PROBLEM REQUIREMENTS:
For the listing below, return the line containing "Fuenlabrada es uno", the line containing "Serán construidas por", and all lines in between, exactly as written and nothing else.

DATA SUPPLIED:
----------

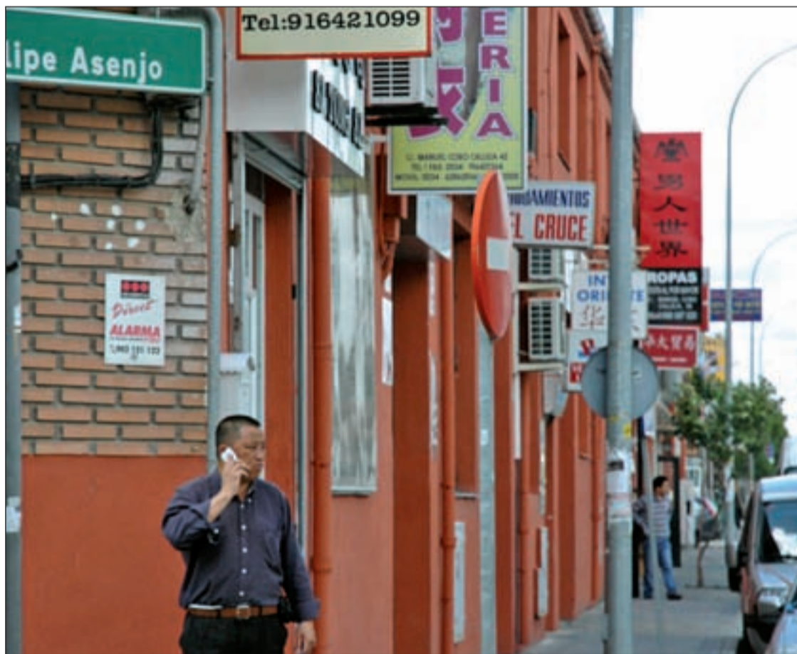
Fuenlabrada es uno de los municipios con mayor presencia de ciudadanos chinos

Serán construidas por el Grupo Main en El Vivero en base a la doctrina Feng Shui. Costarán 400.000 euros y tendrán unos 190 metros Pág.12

----------

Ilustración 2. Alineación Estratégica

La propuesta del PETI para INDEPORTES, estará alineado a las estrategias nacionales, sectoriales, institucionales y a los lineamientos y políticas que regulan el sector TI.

----------

TASK SOLUTION:
Fuenlabrada es uno de los municipios con mayor presencia de ciudadanos chinos

Serán construidas por el Grupo Main en El Vivero en base a la doctrina Feng Shui. Costarán 400.000 euros y tendrán unos 190 metros Pág.12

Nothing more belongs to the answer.